Count, in the entries, the lines with "Gambar". Answer with the number only.

PROVIDED DATA

+--

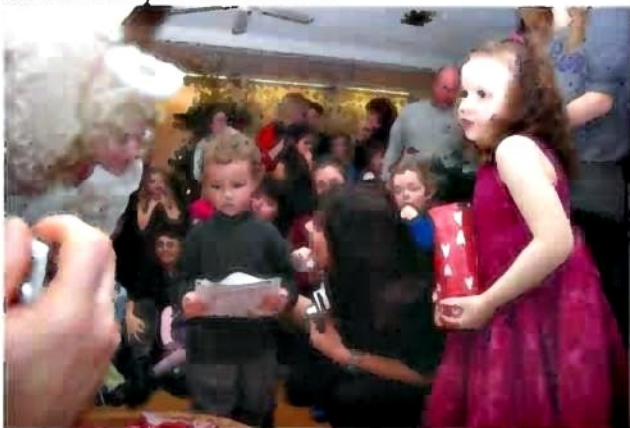
Postupně se děti osmělily a Mikulášovi zazpívaly písničku nebo odříkaly básničku.
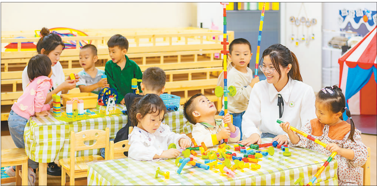
9月27日,在安徽省滁州市第一幼儿园琅琊新区分院,托班的孩子们在老师陪伴下拼搭积木。
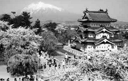
弘前公園 染井吉野を中心に、枝垂桜、八重桜など、52種類約2,600本の桜が咲き誇ります。
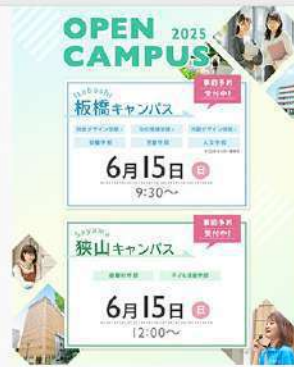
5月27日 (火) 東京家政大学 6月オープンキャンパス情報
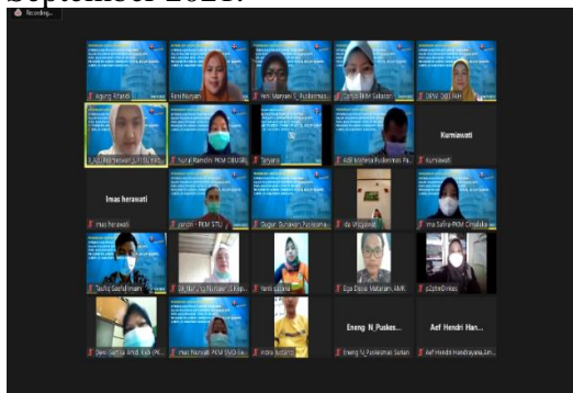
Gambar 1. Kegiatan Pelatihan CMHN dengan daring

dengan cara luring pada tanggal 29 September 2021.
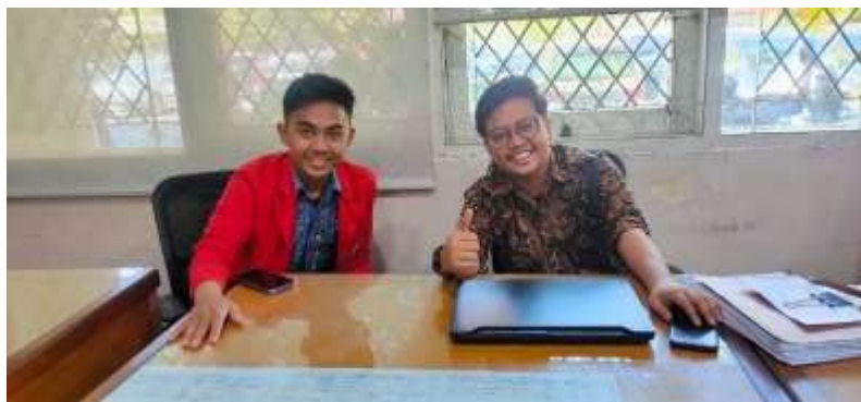
Gambar 7.5 Wawancara Bersama Informan MYN

+--

SOLUTION TO THE PROBLEM
2